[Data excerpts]
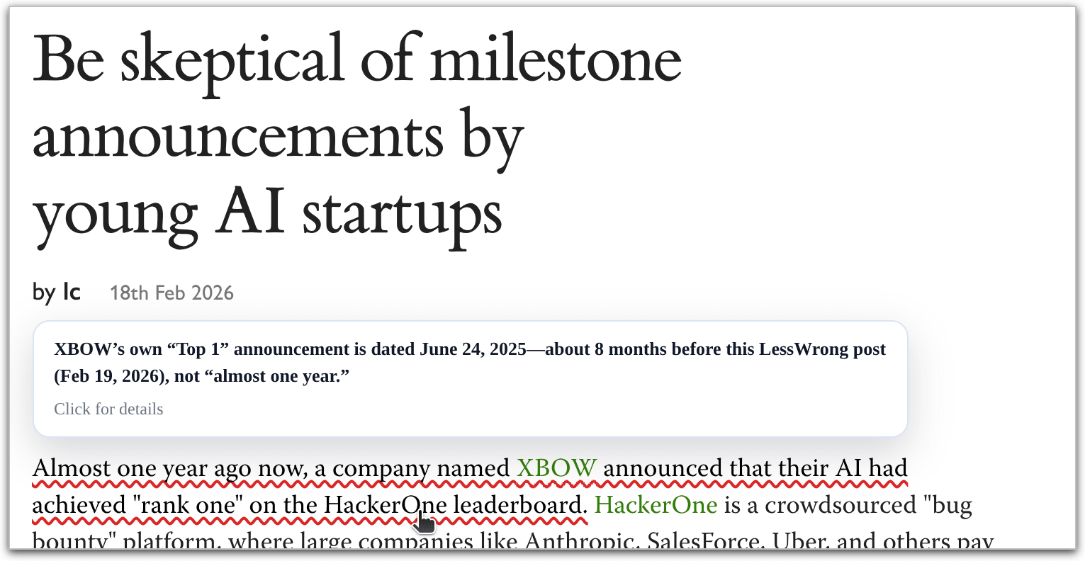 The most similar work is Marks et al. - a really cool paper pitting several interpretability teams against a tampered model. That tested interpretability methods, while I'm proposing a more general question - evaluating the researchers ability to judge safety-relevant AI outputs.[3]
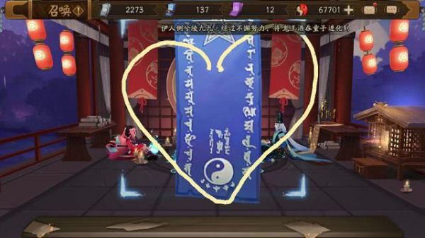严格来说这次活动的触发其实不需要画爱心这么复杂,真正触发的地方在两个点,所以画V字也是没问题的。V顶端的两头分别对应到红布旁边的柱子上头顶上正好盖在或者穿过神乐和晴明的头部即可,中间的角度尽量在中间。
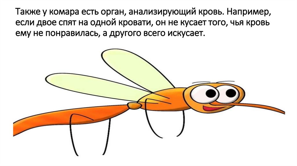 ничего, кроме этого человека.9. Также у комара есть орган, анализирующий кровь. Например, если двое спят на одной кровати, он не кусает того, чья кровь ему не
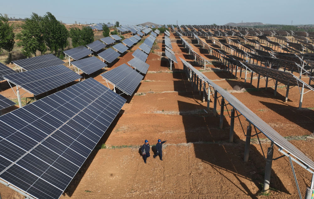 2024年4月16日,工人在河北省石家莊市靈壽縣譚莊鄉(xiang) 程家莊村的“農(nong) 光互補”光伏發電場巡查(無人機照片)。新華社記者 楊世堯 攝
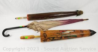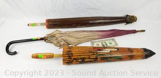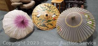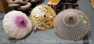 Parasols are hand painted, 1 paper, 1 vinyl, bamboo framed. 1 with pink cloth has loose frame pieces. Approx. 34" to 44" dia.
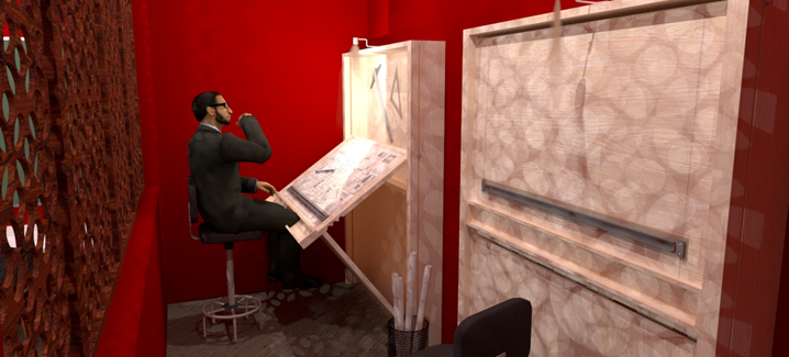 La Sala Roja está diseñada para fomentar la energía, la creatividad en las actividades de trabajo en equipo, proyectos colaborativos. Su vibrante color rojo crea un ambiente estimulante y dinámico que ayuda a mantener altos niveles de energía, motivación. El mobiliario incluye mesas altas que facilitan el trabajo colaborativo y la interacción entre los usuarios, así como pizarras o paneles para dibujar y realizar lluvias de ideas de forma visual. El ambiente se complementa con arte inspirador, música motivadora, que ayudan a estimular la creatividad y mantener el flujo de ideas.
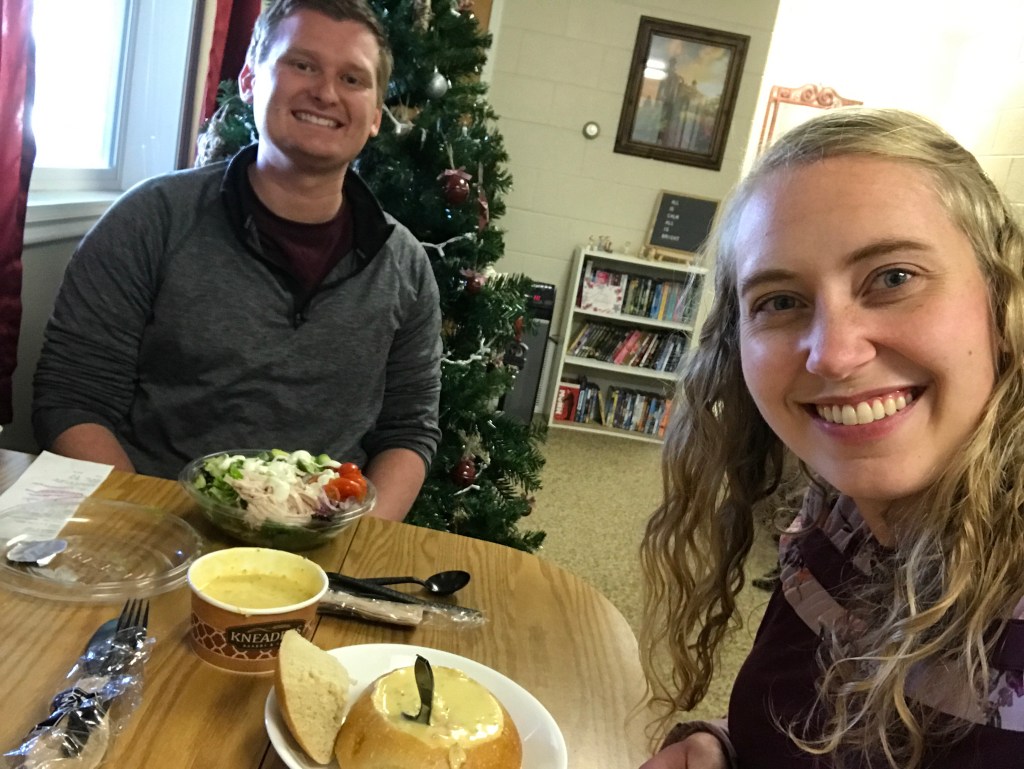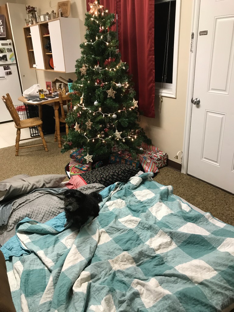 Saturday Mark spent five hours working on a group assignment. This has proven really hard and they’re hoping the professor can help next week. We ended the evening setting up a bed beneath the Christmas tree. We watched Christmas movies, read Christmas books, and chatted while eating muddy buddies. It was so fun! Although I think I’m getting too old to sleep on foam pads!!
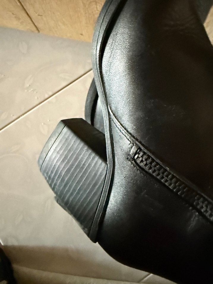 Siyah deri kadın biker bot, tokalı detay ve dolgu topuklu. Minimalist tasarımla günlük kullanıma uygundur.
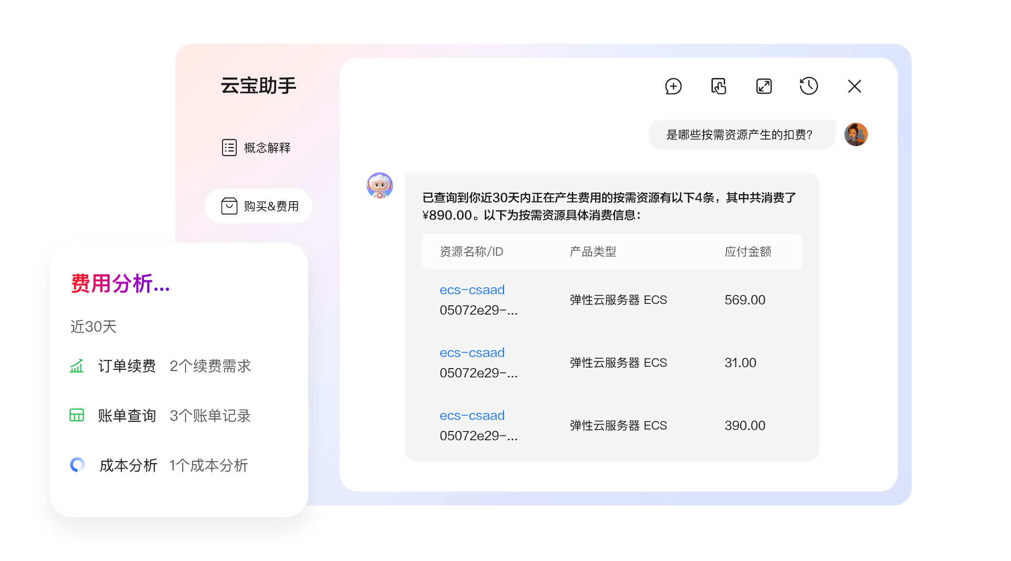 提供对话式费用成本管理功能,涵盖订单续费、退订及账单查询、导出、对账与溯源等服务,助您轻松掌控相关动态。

> What to produce:
Retype every entry above exactly and, please, skip the pictures.

> Your response:
 The most similar work is Marks et al. - a really cool paper pitting several interpretability teams against a tampered model. That tested interpretability methods, while I'm proposing a more general question - evaluating the researchers ability to judge safety-relevant AI outputs.[3]
严格来说这次活动的触发其实不需要画爱心这么复杂,真正触发的地方在两个点,所以画V字也是没问题的。V顶端的两头分别对应到红布旁边的柱子上头顶上正好盖在或者穿过神乐和晴明的头部即可,中间的角度尽量在中间。
 ничего, кроме этого человека.9. Также у комара есть орган, анализирующий кровь. Например, если двое спят на одной кровати, он не кусает того, чья кровь ему не
 2024年4月16日,工人在河北省石家莊市靈壽縣譚莊鄉(xiang) 程家莊村的“農(nong) 光互補”光伏發電場巡查(無人機照片)。新華社記者 楊世堯 攝
 Parasols are hand painted, 1 paper, 1 vinyl, bamboo framed. 1 with pink cloth has loose frame pieces. Approx. 34" to 44" dia.
 La Sala Roja está diseñada para fomentar la energía, la creatividad en las actividades de trabajo en equipo, proyectos colaborativos. Su vibrante color rojo crea un ambiente estimulante y dinámico que ayuda a mantener altos niveles de energía, motivación. El mobiliario incluye mesas altas que facilitan el trabajo colaborativo y la interacción entre los usuarios, así como pizarras o paneles para dibujar y realizar lluvias de ideas de forma visual. El ambiente se complementa con arte inspirador, música motivadora, que ayudan a estimular la creatividad y mantener el flujo de ideas.
 Saturday Mark spent five hours working on a group assignment. This has proven really hard and they’re hoping the professor can help next week. We ended the evening setting up a bed beneath the Christmas tree. We watched Christmas movies, read Christmas books, and chatted while eating muddy buddies. It was so fun! Although I think I’m getting too old to sleep on foam pads!!
 Siyah deri kadın biker bot, tokalı detay ve dolgu topuklu. Minimalist tasarımla günlük kullanıma uygundur.
 提供对话式费用成本管理功能,涵盖订单续费、退订及账单查询、导出、对账与溯源等服务,助您轻松掌控相关动态。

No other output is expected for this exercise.